We can fix all the  $c_e$ 's to zero except the ones corresponding to an index-set I of size  $\delta_0 := dn(\delta-1)/2 + 2 < \delta^{n/3}n(\delta-1)/2 + 2 \le \delta^{n/2}$ . This way we have exactly  $\delta_0$  unknown  $c_e$ 's. To be an annihilating polynomial of f(y), we need g(f) = 0. By comparing the coefficients of the monomials in y, both sides of Equation 1, we get a linear system in the unknowns.

Suppose that  $\delta_1$  is the degree of y in  $g(\mathbf{f})$ . Then,  $g(\mathbf{f})$  can be written as  $g(\mathbf{f}) = \sum_{i=0}^{\delta_1} p_i \cdot y^i$ , where  $p_i$ 's are linear polynomials in  $c_{\mathbf{e}}$ 's. The constraint  $g(\mathbf{f}) = 0$  gives us a system of linear equations with the number of unknowns  $\delta_0$  and the number of equations  $\delta_1 + 1$ . The value of  $\delta_1$  can be at most  $d \cdot n \cdot (\delta - 1)/2$ , which means that the number of unknowns  $\delta_0$  is greater than the number of equations  $\delta_1$ . So, our system of *homogeneous* linear equations always has a nontrivial solution, which gives us a nonzero g as promised.

Computing f(y) takes t time and a solution of the linear equations can be computed in poly(tdn)-time. So,  $g(\mathbf{x})$  can be computed in poly(tdn)-time.

COROLLARY 6 (E-COMPUTABLE). In the proof of Lemma 5, if  $td = 2^{O(n)}$  then the polynomial family  $g_n := g$ , indexed by the variables, is E-computable.

PROOF. The linear system that we got can be solved in poly(*tdn*)time. As it is homogeneous we can even get an integral solution in the same time-complexity. Thus, assuming  $td = 2^{O(n)}$ , the timecomplexity of computing  $\operatorname{coef}_{\mathbf{x}^{e}}(g)$  is  $\operatorname{poly}(tdn)=\operatorname{poly}(2^{n})$  and g is multi- $\delta$ -ic ( $\because \delta = \lceil d^{3/n} \rceil = O(1)$ ). In other words, if we consider the polynomials  $g_n := g$ , indexed by the variables, then the family  $\{g_n\}_n$  is E-computable.

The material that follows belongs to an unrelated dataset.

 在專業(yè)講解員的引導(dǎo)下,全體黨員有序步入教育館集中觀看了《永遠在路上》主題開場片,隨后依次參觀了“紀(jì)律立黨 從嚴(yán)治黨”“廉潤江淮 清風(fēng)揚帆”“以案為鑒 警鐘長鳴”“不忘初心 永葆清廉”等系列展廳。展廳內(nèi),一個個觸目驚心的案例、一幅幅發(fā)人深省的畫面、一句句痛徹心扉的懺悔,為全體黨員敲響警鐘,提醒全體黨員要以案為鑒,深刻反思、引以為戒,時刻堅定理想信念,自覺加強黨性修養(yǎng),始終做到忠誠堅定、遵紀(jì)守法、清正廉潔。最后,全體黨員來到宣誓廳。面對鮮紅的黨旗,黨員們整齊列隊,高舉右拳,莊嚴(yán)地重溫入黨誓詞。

Towards a converse of the above lemma, a crucial ingredient is the Nisan-Wigderson design [56]. To describe it simply, the design *stretches a seed* from  $\ell$  to  $m \ge 2^{\frac{d}{10}}$  as follows,

DEFINITION 7. Let  $\ell > n > d$ . A family of subsets  $\mathcal{D} = \{I_1, \ldots, I_m\}$ on  $[\ell]$  is called an  $(\ell, n, d)$ -design, if  $|I_i| = n$  and for all  $i \neq j \in [m]$ ,  $|I_i \cap I_j| \leq d$ .

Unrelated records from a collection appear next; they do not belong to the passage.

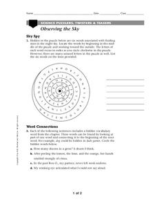 In this space science worksheet, students find the words that are related to the observations made of constellations and other related puzzles.
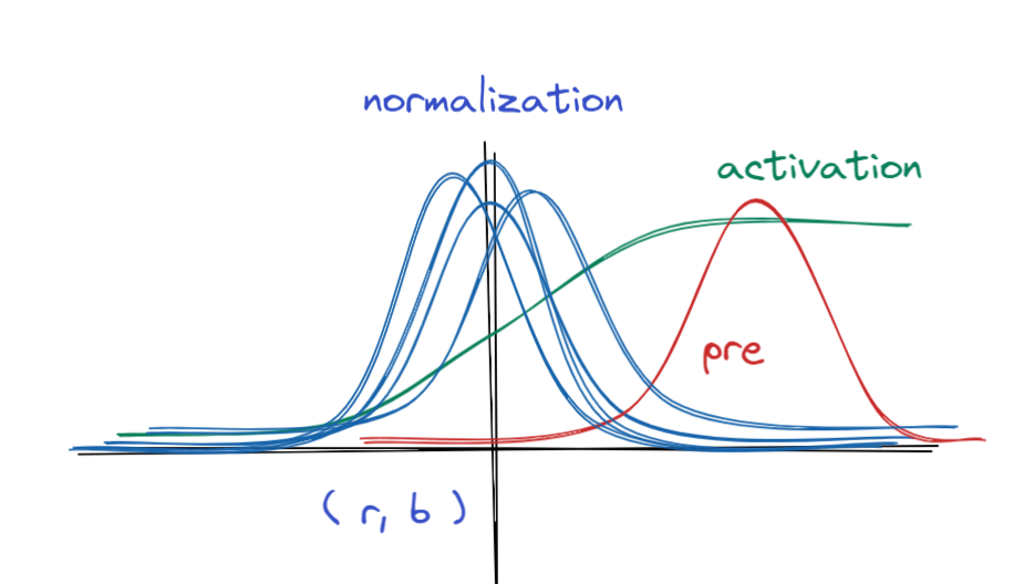 우선 normalization 과정은 빨간 분포를 중앙의 파란 분포로 바꾸는 과정이다.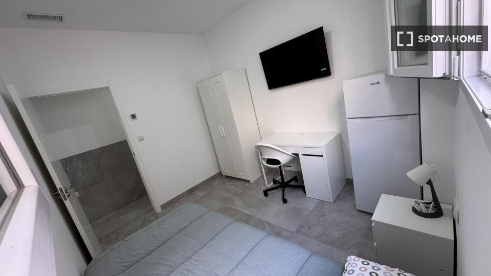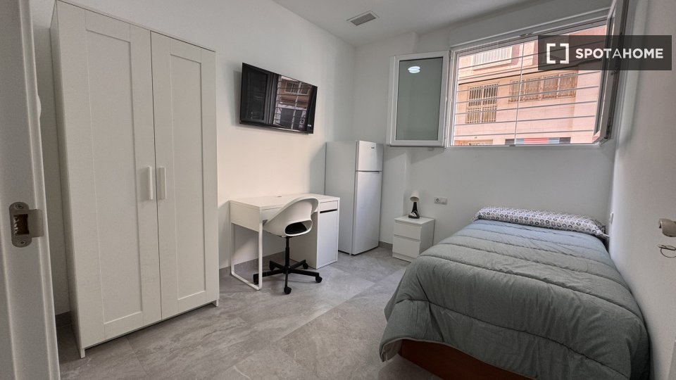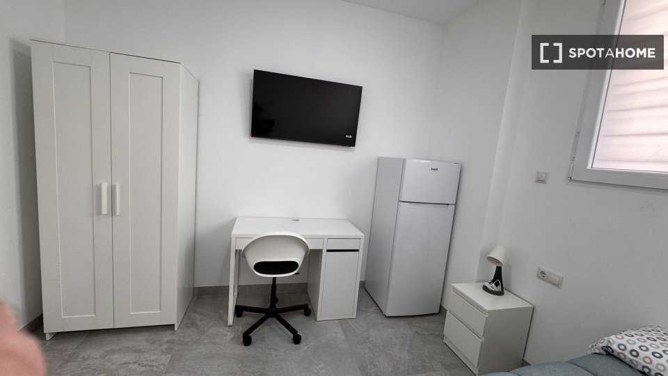 Ten pokój jest częścią wspólnego 5-pokojowego mieszkania w Elche. Nieruchomość jest w pełni umeblowana i wyposażona w centralnie zainstalowaną klimatyzację dla wygody. Najemcy mają dostęp do wspólnej, w pełni wyposażonej kuchni, w której znajduje się zmywarka, piekarnik i wiele innych. Nieruchomość oferuje również wliczone w cenę połączenie WiFi i wspólną pralkę. Rachunki za prąd, gaz, wodę i WiFi są wliczone w cenę. Należy jednak pamiętać, że palenie i zwierzęta domowe są zabronione, a nieruchomość jest najbardziej odpowiednia dla profesjonalistów i studentów.

LEMMA 8 (NISAN-WIGDERSON DESIGN, CHAP.16 [8]). There exists an algorithm which takes  $(\ell, n, d)$  and a base set S of size  $\ell > 10n^2/d$ as input, and outputs an  $(\ell, n, d)$ -design  $\mathcal{D}$  having  $\geq 2^{d/10}$  subsets, in time  $2^{O(\ell)}$ . (Lemma 14 improves this.)

Our next lemma is a revised version of the counterpositive of [38, Lemma 7.6]. If we have an exponentially hard but E-computable polynomial family, then we can efficiently reduce the variables from n to  $O(\log(sd))$ , for n-variate d-degree polynomials computed by size-s circuits, preserving nonzeroness. For proof, see the full version linked on the first page.

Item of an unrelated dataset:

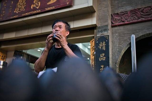 在西安的夜晚必定是酒足饭饱过后来到青曲社来听上一段相声。在听到起劲开心的时候,发出“噫”的一声来表示对演出者的赞同与尊重。

LEMMA 9 (HARDNESS TO VARIABLE REDUCTION). For some constant  $\delta$ , let  $\{q_m\}_{m\geq 1}$  be a multi- $\delta$ -ic polynomial family computable in  $\delta^{O(m)}$  time, but it has no  $\delta^{o(m)}$ -size algebraic circuit.

Then, for n-variate d-degree polynomials computed by size-s circuits we have a  $\delta^{O(\log(sd))}$ -time variable-reducing polynomial map, from n to  $O(\log(sd))$ , that preserves nonzeroness. Furthermore, after variable reduction, the degree of the new polynomial is poly(sd).

Next lemma shows that the existence of an exponentially hard but E-computable polynomial family has an interesting complexity consequence. It is based on Valiant's criterion.

LEMMA 10 (VALIANT CLASS SEPARATION). If we have a polynomial family  $\{f_n\}_{n\geq 1}$  that is E-computable, but has algebraic circuit complexity  $2^{\Omega(n)}$ , then either  $E \not\subseteq \# P / poly$  or VNP has polynomials of algebraic circuit complexity  $2^{\Omega(n)}$ .

PROOF. Say, for a constant  $\delta \geq 1$ , we have an E-computable multi- $\delta$ -ic polynomial family  $\{f_n\}_{n\geq 1}$  with algebraic circuit complexity  $2^{\Omega(n)}$ . Clearly, the coefficients in  $f_n$  have bitsize  $2^{O(n)}$ . By using a simple transformation, given in [42, Lem.3.9], we get a multilinear polynomial family  $\{h_n\}_{n\geq 1}$ , that is E-computable and has algebraic complexity  $2^{\Omega(n)}$ , such that its coefficients are  $\{0, 1\}$ .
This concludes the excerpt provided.